WORK TASK. Beginning at the line that contains "The media plays a significant", reproduce the entries below exactly, ending with the line that contains "Tinh dầu hoa". Omit each picture.

TASK INPUT.

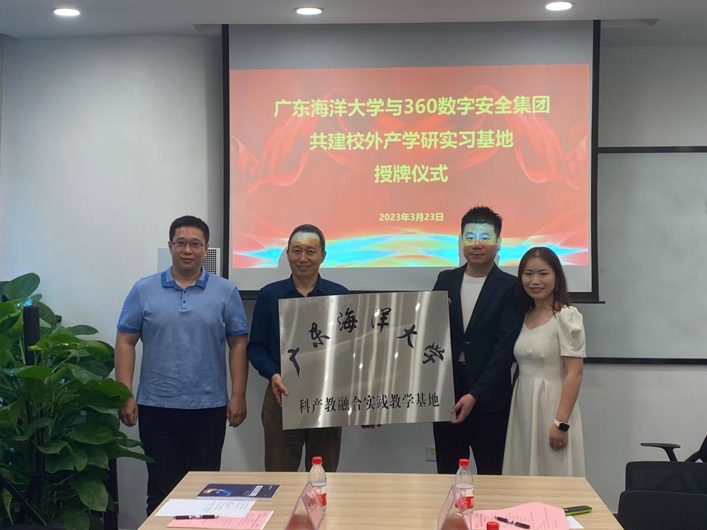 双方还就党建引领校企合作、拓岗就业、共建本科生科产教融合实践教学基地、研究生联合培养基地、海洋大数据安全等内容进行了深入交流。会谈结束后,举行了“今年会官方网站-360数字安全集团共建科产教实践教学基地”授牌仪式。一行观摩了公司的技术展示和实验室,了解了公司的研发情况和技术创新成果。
==
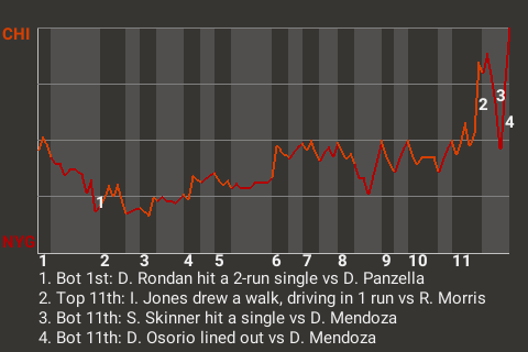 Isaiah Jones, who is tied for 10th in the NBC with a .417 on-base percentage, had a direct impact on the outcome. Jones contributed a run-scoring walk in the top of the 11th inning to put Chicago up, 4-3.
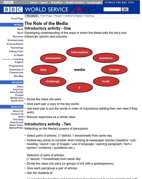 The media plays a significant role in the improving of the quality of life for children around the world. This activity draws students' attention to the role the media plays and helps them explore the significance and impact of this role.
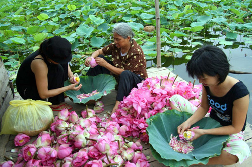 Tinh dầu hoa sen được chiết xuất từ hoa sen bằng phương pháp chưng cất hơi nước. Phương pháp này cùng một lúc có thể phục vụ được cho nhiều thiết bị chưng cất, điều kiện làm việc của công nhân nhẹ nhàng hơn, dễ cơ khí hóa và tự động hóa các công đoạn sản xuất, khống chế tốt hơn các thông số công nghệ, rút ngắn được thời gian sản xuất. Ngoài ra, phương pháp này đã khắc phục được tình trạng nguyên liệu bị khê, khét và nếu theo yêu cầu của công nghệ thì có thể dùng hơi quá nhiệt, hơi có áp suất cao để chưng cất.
---
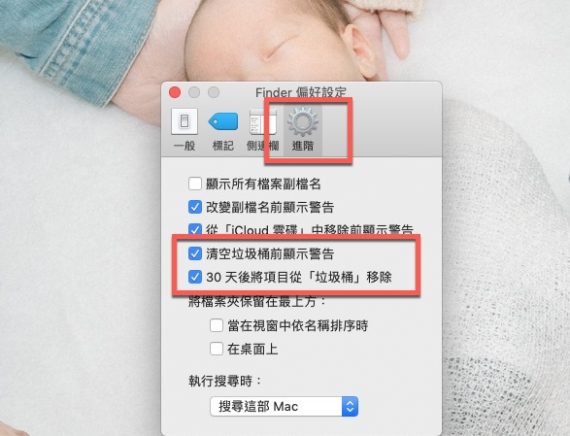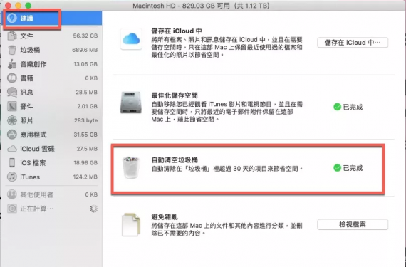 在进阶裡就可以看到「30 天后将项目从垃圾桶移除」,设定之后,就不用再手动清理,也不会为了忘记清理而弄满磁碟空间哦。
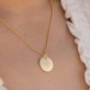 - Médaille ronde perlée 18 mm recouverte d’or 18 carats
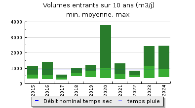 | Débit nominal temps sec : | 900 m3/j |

SOLUTION FOR THIS TASK.
 The media plays a significant role in the improving of the quality of life for children around the world. This activity draws students' attention to the role the media plays and helps them explore the significance and impact of this role.
 Tinh dầu hoa sen được chiết xuất từ hoa sen bằng phương pháp chưng cất hơi nước. Phương pháp này cùng một lúc có thể phục vụ được cho nhiều thiết bị chưng cất, điều kiện làm việc của công nhân nhẹ nhàng hơn, dễ cơ khí hóa và tự động hóa các công đoạn sản xuất, khống chế tốt hơn các thông số công nghệ, rút ngắn được thời gian sản xuất. Ngoài ra, phương pháp này đã khắc phục được tình trạng nguyên liệu bị khê, khét và nếu theo yêu cầu của công nghệ thì có thể dùng hơi quá nhiệt, hơi có áp suất cao để chưng cất.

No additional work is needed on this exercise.